**Work instructions:** Your answer should be the lines from the one with "Pulseira elo português" to the end of the data below, both included, exact and free of pictures.

**Data:**
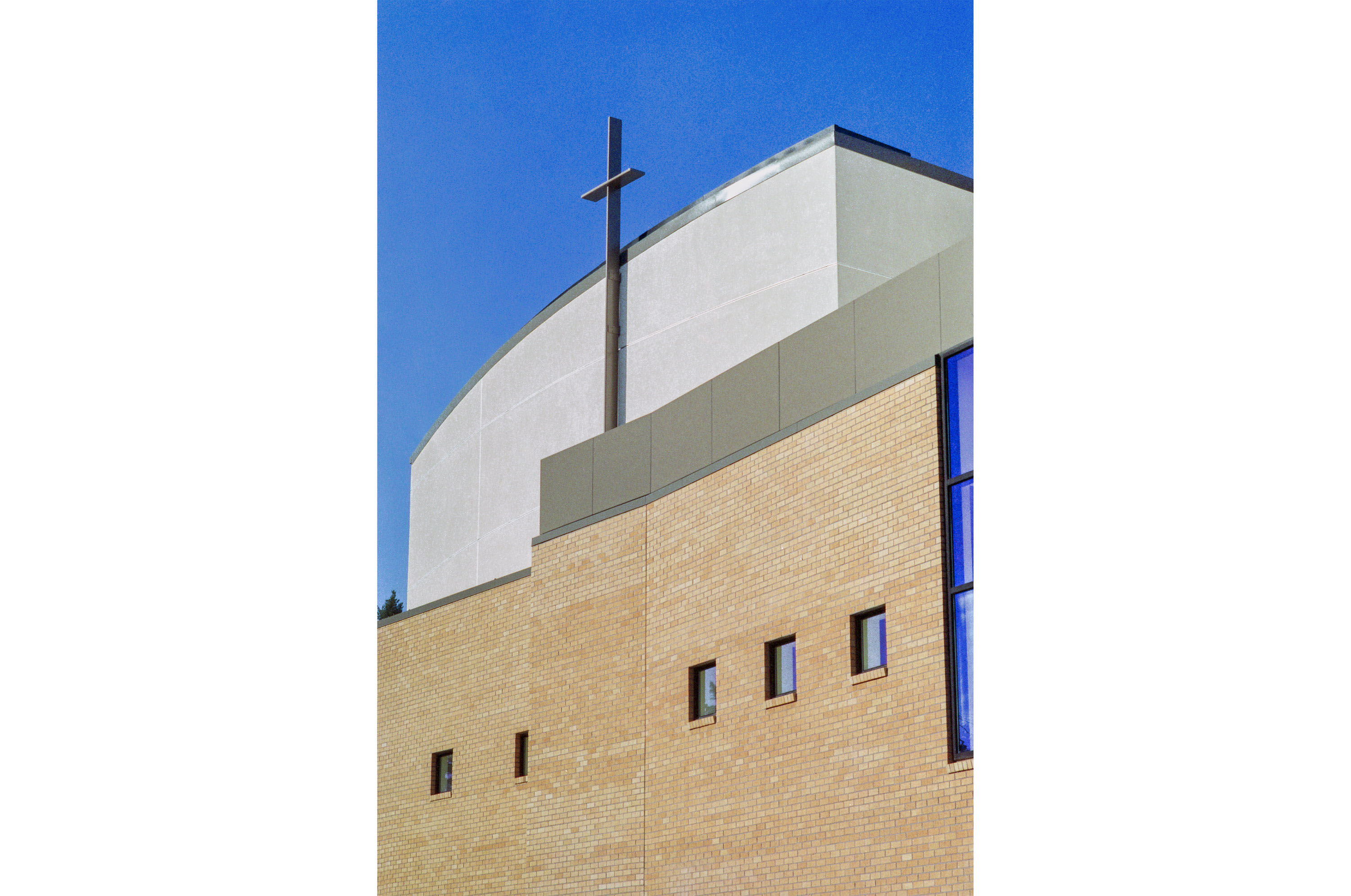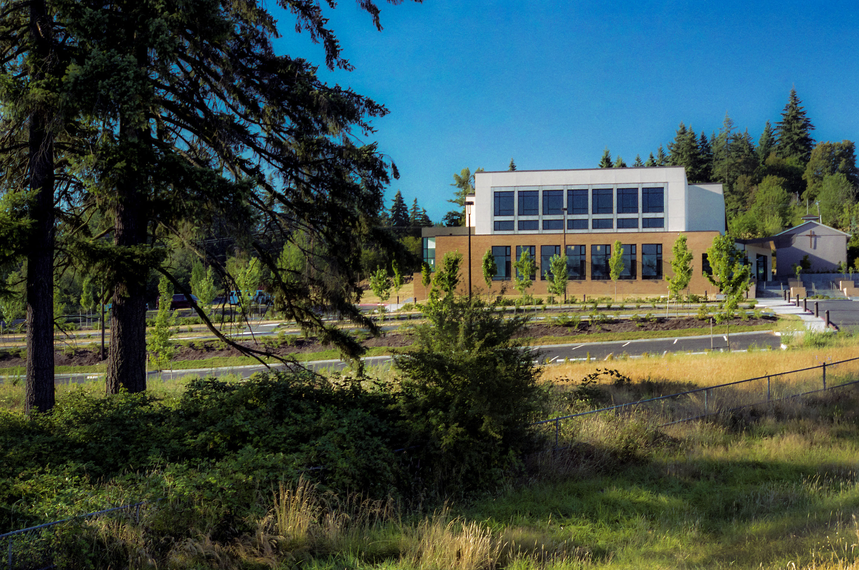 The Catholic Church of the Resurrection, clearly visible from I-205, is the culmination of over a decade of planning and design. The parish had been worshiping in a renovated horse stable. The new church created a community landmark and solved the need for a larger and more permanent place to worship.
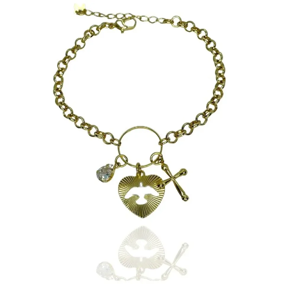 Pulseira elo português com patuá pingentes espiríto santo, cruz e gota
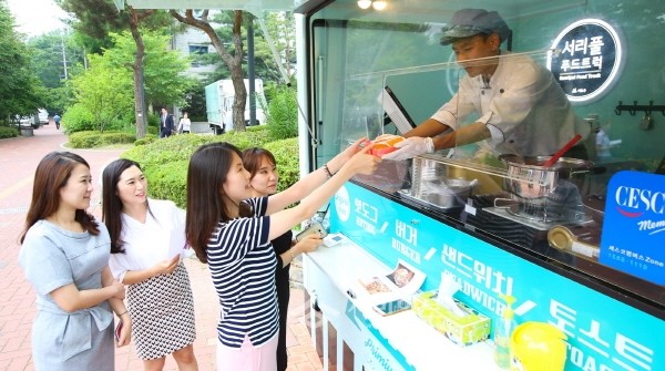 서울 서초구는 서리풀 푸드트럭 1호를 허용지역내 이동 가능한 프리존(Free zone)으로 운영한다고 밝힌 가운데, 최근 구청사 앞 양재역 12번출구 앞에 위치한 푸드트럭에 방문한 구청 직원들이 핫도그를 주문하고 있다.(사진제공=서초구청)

**Result of the exercise:**
 Pulseira elo português com patuá pingentes espiríto santo, cruz e gota
 서울 서초구는 서리풀 푸드트럭 1호를 허용지역내 이동 가능한 프리존(Free zone)으로 운영한다고 밝힌 가운데, 최근 구청사 앞 양재역 12번출구 앞에 위치한 푸드트럭에 방문한 구청 직원들이 핫도그를 주문하고 있다.(사진제공=서초구청)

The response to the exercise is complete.